4. Differenze sostanziali dal punto di vista della regia
De Palma usa split screen, slow motion, tracking shots elaboratissimi. Il suo cinema è ipercinetico e autoreferenziale;
Argento crea piani sequenza mozzafiato, luci irreali, montaggi frenetici; Vanzina opta per uno stile sobrio, televisivo, meno visionario, ma visivamente curato.
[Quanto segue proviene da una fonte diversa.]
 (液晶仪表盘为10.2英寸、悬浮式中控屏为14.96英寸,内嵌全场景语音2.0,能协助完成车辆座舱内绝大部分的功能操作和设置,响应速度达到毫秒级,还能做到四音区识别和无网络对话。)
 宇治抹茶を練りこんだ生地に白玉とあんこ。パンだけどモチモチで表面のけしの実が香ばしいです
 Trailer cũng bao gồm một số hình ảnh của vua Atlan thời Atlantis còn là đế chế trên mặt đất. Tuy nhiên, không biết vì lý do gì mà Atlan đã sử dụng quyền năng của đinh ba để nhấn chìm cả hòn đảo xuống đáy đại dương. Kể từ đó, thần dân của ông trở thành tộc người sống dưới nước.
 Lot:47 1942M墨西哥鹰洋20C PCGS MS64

È più interessato all’impatto commerciale che alla sperimentazione.

I film di De Palma e Argento creano disagio, tensione, senso del perturbante,
“Sotto il vestito niente” invece genera una tensione più superficiale, spesso estetizzata, è più vicino a un thriller patinato che a un horror psicologico.
Non ha la profondità visionaria di “Vestito per uccidere” né il surrealismo violento di “Profondo rosso”, per quanto Vanzina, nel film, si rifaccia al Dario Argento di “Inferno", ma riporta quegli stessi temi nel mondo della moda, offrendo una lettura contemporanea e pop del thriller d’identità e d'inganno.
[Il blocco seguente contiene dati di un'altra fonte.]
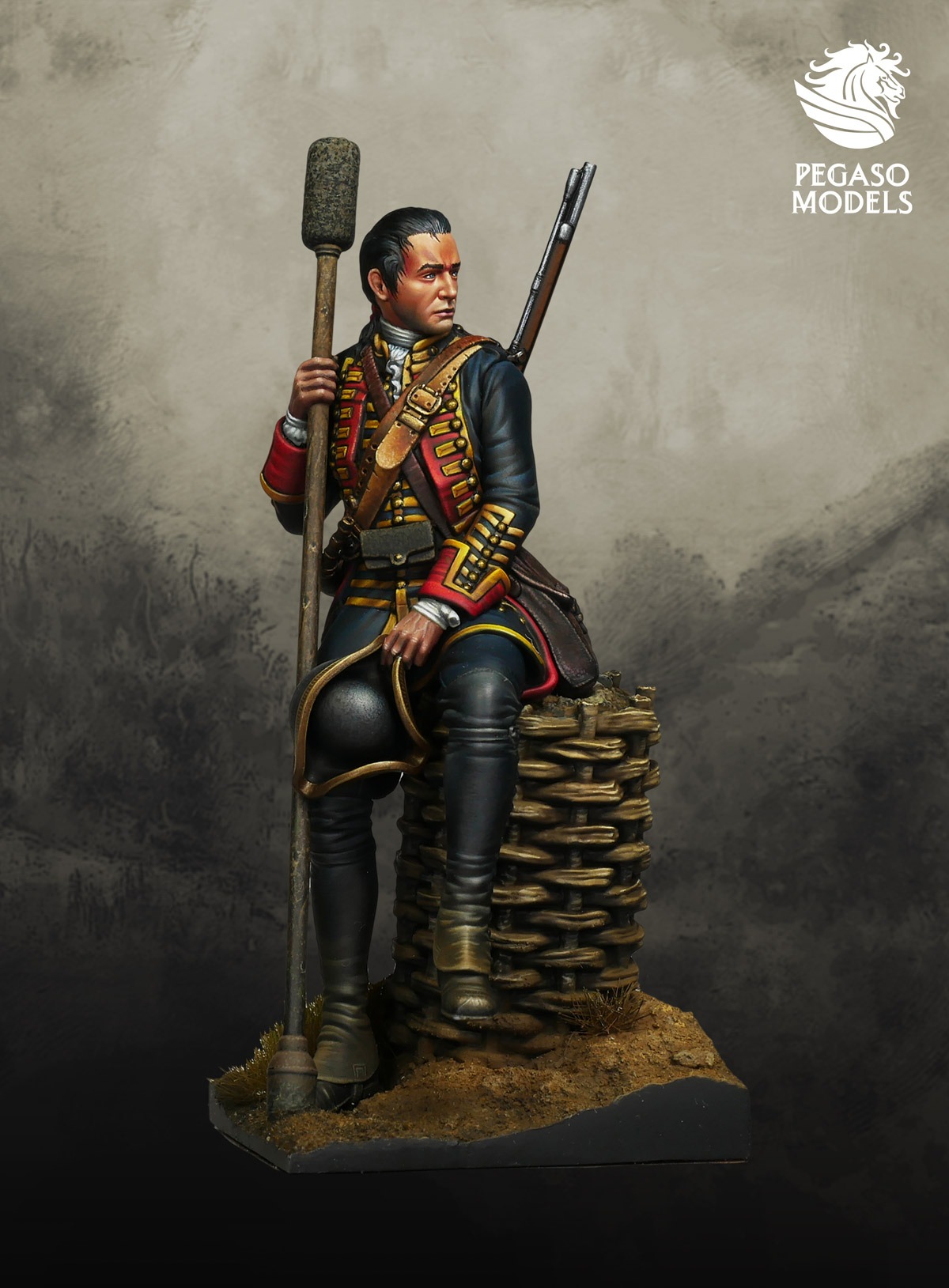 Crisp sculpted details on lapels, lace, belts and equipment give painters plenty of opportunities for controlled edge highlights, subtle texture and non metallic metals. The relaxed but alert pose makes this Royal artillery gunner an ideal storytelling piece, whether used as a standalone display or combined with other Seven Years War figures to build a larger battery scene. The gabion and earthwork base provide natural volumes for pigments, dust and spent powder effects without overwhelming the figure.

Il film non è un capolavoro formale, troppe “le citazioni” sia a De Palma, sia ad Argento, sia ad Hitchcock, ma è uno specchio, mentre De Palma e Argento riflettono sulla percezione e sull’inconscio, Vanzina riflette, spesso inconsciamente, su un'Italia che vive nel culto dell’apparenza.
Ed è questa “incoscienza” la sua cifra stilistica, che poi è la stessa di questo Paese.

Ps: Renée Simonsen all’epoca era fidanzata con John Taylor, bassista dei Duran Duran, e il suo ruolo da protagonista, assoluta, nel film testimonia quanto fosse alta la sua popolarità di modella. Nicola Perring contribuì, non poco, alla diffusione del biondo platino e di un taglio, rasato, maschile, che scardinò per sempre l'idea di una femminilità solo onde o piastra. Era talmente bella da essere un desiderio erotico metrosexual, al punto di doverla fermare per sempre. Franco Moschino fu l’unico stilista a collaborare con Vanzina, gli altri si defilarono. Enrico Lucherini, scomparso da poco, curò il lancio del film. Il commissario Danesi, interpretato da Donald Pleasence, invece diede il via alle serie televisive sui commissari, al punto da fare diventare i libri, che dei commissari ci parlano, casi letterari, a prescindere.
Insomma il film tiene ancora banco, dopo tutto.